Из-за доски вылезает Бурьянов. Лицо торжественное, как перед учителем во время ответа. Над губою наведены углем усы, на щеках намазаны баки. Глаза выпучены, точно у рака. На голове колпак с кисточкой из бумаги. На колпаке с неподражаемым мастерством нарисованы чертики. Калмык мотает головой так, что кисточка трясется и танцует. Он отдувает выпачканные щеки, еще сильнее таращит глаза и выкрикивает густым басом:
– Честь имею представиться: фокусник и чревовещатель. Кто хочет видеть, как из одного перышка можно сделать двадцать?

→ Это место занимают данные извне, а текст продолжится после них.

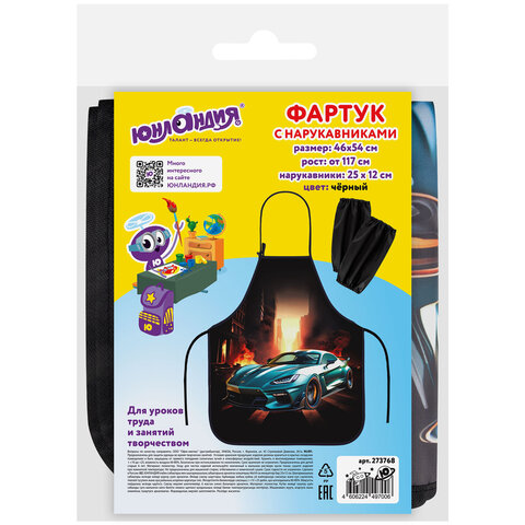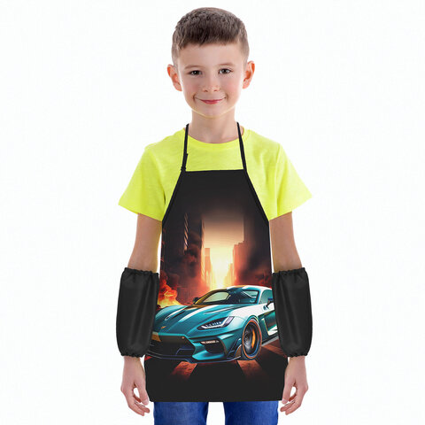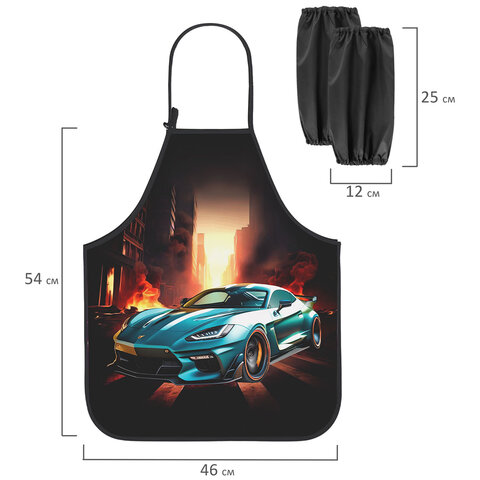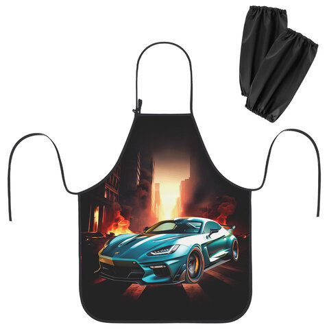 Фартук с нарукавниками для уроков труда ЮНЛАНДИЯ, регулировка по росту, 46х54 см, "Fire car", 273768, 4шт.#S

Мальчики хохочут, сдвигаются в кучку, окружают Бурьянова. Всем хочется видеть, как из одного пера выходит двадцать.
– Покажи! Покажи! – пристают они к Калмыку. У Калмыка на ладони лежит стальное перо. Все смотрят на него с заметным любопытством.
– Давай другое, братцы, это не годится! – командует Бурьянов и протягивает руку вперед.
И вмиг в его руке очутилось другое перышко. Кто-то кладет третье, четвертое. Бурьянов сосредоточенно смотрит, считает и мотает головою:
– Не то, не то… Надо острее… Еще острее… Чуточку только, – мычит он своим деланным басом.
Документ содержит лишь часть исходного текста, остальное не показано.